There is no antidote for strychnine poisoning. Decontamination therapies carry the risk of aspiration and convulsions—use with caution, if at all.  With strychnine poisoning, it is significant to locate the victim in a warm, dark room. In the case of strychnine poisoning medical help should be brought to the victim rather than moving the victim to a medical center which may again trigger convulsions. In recent years this chemical has fallen off the market considerably.

Fumigants
 
Various types of fumigants produce differing physiologic effects. Headache, dizziness, nausea and vomiting are common early signs and symptoms of excessive exposure. 

Sulfuryl fluoride (product Vikane) is the most commonly used fumigant for control of drywood termites and various wood boring beetles. It is a clear, tasteless, odorless gas with poisoning symptoms including depression, slowed gait, slurred speech, nausea, vomiting, stomach pain, drunkenness, itching, numbness, twitching, and seizures. Inhalation may be fatal due to respiratory failure. Inhalation of high concentrations may cause respiratory tract irritation. Skin contact with sulfuryl fluoride normally poses no hazard, but contact with liquid sulfuryl fluoride can cause pain and frostbite due to rapid evaporation.

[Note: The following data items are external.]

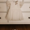 Tiulowa sukienka Wika. Góra sukienki z ozdobnymi piórkami i tiulem brokatowym, w całości w bieli śmietankowej. Warstwa wierzchnia sukienki może był gładka, tak jak na zdjęciu głównym lub może być warstwa tiulu z perłami (tak jak w sukience Adele). Sukienka może być na krótki lub długi rękaw ( długi rękaw gładki, materiałowy: prosty lub zakończony gumeczką, napisz nam w uwagach jaką opcję wybierasz). Z tyłu zapinana jest na zamek. Wykonana z tkaniny mięsistej, delikatnej, nie gniecie się, w środku podszyta bawełną. Sukienka dostępna w rozmiarach 62-128. Uwaga- Delikatna zmiana tiulu z brokatem na górę sukienki. Na górze sukienki tiul z brokatem (tiul jest delikatnie szorstki, jednak od spodu sukienka podszyta jest bawełną), pióra są na taśmie, mogą delikatnie wypadać, nie jest to zależne od Nas. Tiul jak i pióra nie podlegają reklamacji, prosimy o rozważny wybór.
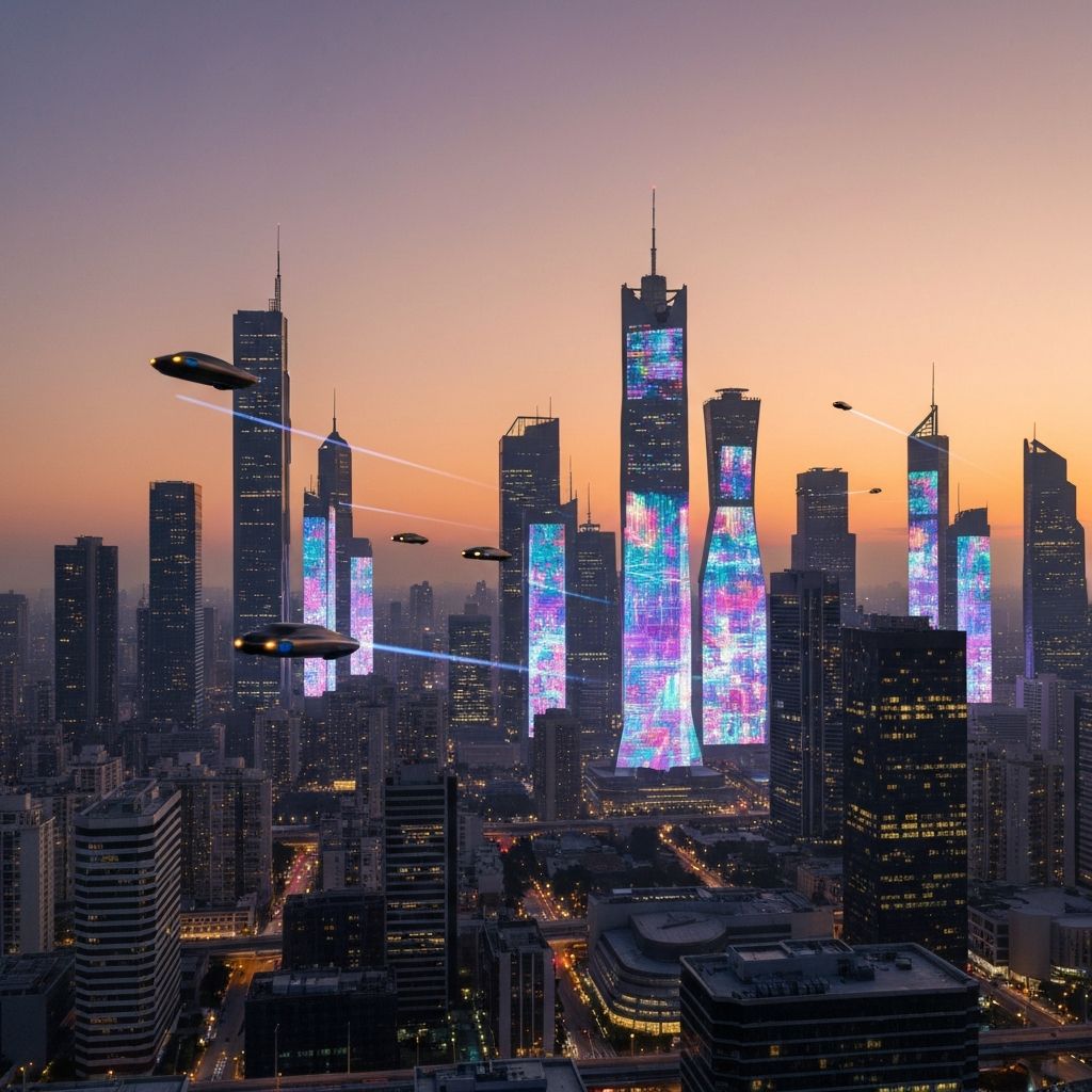 Futuristic eco-friendly approach to electricity using AI-optimized smart grids, renewable energy integration, solar-powered microgrids, predictive maintenance, and blockchain-based energy distribution.
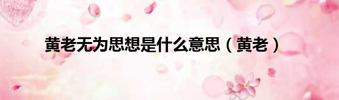 黄老无为思想是什么意思(黄老)

Aluminum phosphide (Phostoxin, Gastoxin, Fumitoxin) is commonly used for grain fumigation and control of burrowing rodents. It can affect cell function, liver and lungs. A sensation of cold, chest pains, diarrhea and vomiting has been reported with mild exposure. More serious cases may result in cough, chest tightness, difficult breathing, weakness, thirst and anxiety. Extreme exposure is indicated by stomach pain, loss of coordination, blue skin color, limb pain, enlarged pupils, choking, fluid in the lungs and stupor. Severe poisonings lead to seizures, coma and death.

To treat victims of fumigant exposure, remove them to fresh air immediately, keep them quiet and in a semi-reclining position. Mouth- to-mouth resuscitation or cardiopulmonary resuscitation (CPR) should be applied if breathing or pulse stops. Anyone attempting to rescue a person suffering from fumigant exposure should be properly equipped with self-contained breathing apparatus. Minimum physical activity limits the likelihood of pulmonary edema, a medical emergency characterized by the accumulation of abnormally large amounts of fluid in the lungs. If skin is contaminated, flush with water for at least 15 minutes. Seek medical attention immediately. Time is particularly critical in fumigant poisonings; victims must receive prompt medical attention. 

Miscellaneous Pesticides 

Insecticide Repellents

DEET (diethyltoluamide) is the main ingredient in repellents used against mosquitoes and other blood feeding arthropods. Products such as OFF and MGK are effective and generally well-tolerated when applied to human skin. In some situations use of this product has resulted in skin irritation and worsening of preexisting skin conditions. It is quite irritating when coming in contact with the eyes. Serious symptoms have been reported, especially under hot, humid situations or if used on skin areas that are in direct contact during sleep. In situations like this the skin can become red, tender and blistered. Permanent scarring can result in severe cases. If used it should only be applied to clothing and products containing lower concentrations are advisable. It should be noted that recently newer formulations of DEET are readily available. These are microencapsulate thus have a longer residual and are much more comfortable to use besides presenting less chances of side effects.

Pesticide Resistance

Worldwide, more than 500 species of insects and related arthropods are resistant to insecticides. In addition over 270 weed species, over 150 plant pathogens, and a few handfuls of species of rats are resistant to pesticides that at one time controlled them. Resistance to a pesticide results when the population of a given pest (weed, insect, rodent, etc.) is continually exposed to a pesticide. With initial exposures great control may occur but after multiple exposures a few of the pest are not killed. Those few that survive these initial treatments frequently have done so via the fact that they already possess one or more genes that function to resist or survive the applications. With repeated applications and higher rates of the same or related insecticide, a number of these pests are killed but some or possibly more resistant insects will survive. Of course insects typically have a tremendous reproductive capacity and offspring of these surviving pests pass the genetic composition of their parents. These offspring, many of which will inherit this genetic ability to withstand the exposure to the insecticide, will eventually increase greater number with each succeeding generation of the population. 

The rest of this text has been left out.